Maybe someone knows a proper way out of this situation? This is not a production k3s installation, but I invested some time in getting it where it was and would like not to lose the data stored in longhorn. It’s a 3 server 3 agent cluster and I am using kube-hetzner.
if [[ ${KUBERNETES_SERVICE_HOST} =~ .*:.* ]]; then
echo "KUBERNETES_SERVICE_HOST is using IPv6"
CHART="${CHART//%\{KUBERNETES_API\}%/[${KUBERNETES_SERVICE_HOST}]:${KUBERNETES_SERVICE_PORT}}"
else
CHART="${CHART//%\{KUBERNETES_API\}%/${KUBERNETES_SERVICE_HOST}:${KUBERNETES_SERVICE_PORT}}"
fi
set +v -x
+ [[ '' == \v\2 ]]
+ shopt -s nullglob
+ [[ -f /config/ca-file.pem ]]
+ [[ -f /tmp/ca-file.pem ]]
+ [[ false == \t\r\u\e ]]
+ [[ false == \t\r\u\e ]]
+ [[ -n '' ]]
+ helm_content_decode
+ set -e
+ ENC_CHART_PATH=/chart/longhorn.tgz.base64
+ CHART_PATH=/tmp/longhorn.tgz
+ [[ ! -f /chart/longhorn.tgz.base64 ]]
+ return
+ [[ install != \d\e\l\e\t\e ]]
+ helm_repo_init
+ grep -q -e 'https\?://'
+ [[ longhorn/longhorn == stable/* ]]
+ [[ -n https://charts.longhorn.io ]]
+ [[ -f /auth/username ]]
+ [[ -f /auth/tls.crt ]]
+ helm repo add longhorn https://charts.longhorn.io
"longhorn" already exists with the same configuration, skipping
+ helm repo update
Hang tight while we grab the latest from your chart repositories...
...Successfully got an update from the "longhorn" chart repository
Update Complete. ÔÄêHappy Helming!ÔÄê
+ helm_update install --namespace longhorn-system --version '*'
++ ++ jq -r '"\(.[0].chart),\(.[0].status)"'
helm ls --all -f '^longhorn$' --namespace longhorn-system --output json
++ tr '' ''
+ LINE=longhorn-1.7.1,uninstalling
+ IFS=,
+ read -r INSTALLED_VERSION STATUS _
+ VALUES=
+ for VALUES_FILE in /config/*.yaml
+ VALUES=' --values /config/values-01_HelmChart.yaml'
+ [[ install = \d\e\l\e\t\e ]]
+ [[ longhorn-1.7.1 =~ ^(|null)$ ]]
+ [[ uninstalling =~ ^(pending-install|pending-upgrade|pending-rollback|uninstalling)$ ]]

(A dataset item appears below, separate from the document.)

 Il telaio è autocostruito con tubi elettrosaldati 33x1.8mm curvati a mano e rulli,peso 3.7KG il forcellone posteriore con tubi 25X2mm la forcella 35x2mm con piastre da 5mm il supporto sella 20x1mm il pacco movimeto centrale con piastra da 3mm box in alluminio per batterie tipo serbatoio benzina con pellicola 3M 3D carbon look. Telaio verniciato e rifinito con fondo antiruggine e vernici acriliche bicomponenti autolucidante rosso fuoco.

Previous helm job was interrupted, updating status from uninstalling to failed
+ echo Previous helm job was interrupted, updating status from uninstalling to failed
+ echo 'Resetting helm release status from '\''uninstalling'\'' to '\''failed'\'''
+ helm set-status longhorn failed --namespace longhorn-system
2024/09/24 05:12:14 release longhorn status updated
+ [[ uninstalling == \p\e\n\d\i\n\g\-\u\p\g\r\a\d\e ]]
+ STATUS=failed
+ [[ failed =~ ^deployed$ ]]
+ [[ failed =~ ^(deleted|failed|null|unknown)$ ]]
+ [[ reinstall == \r\e\i\n\s\t\a\l\l ]]
+ echo 'Uninstalling failed helm chart'
+ helm uninstall longhorn --namespace longhorn-system --wait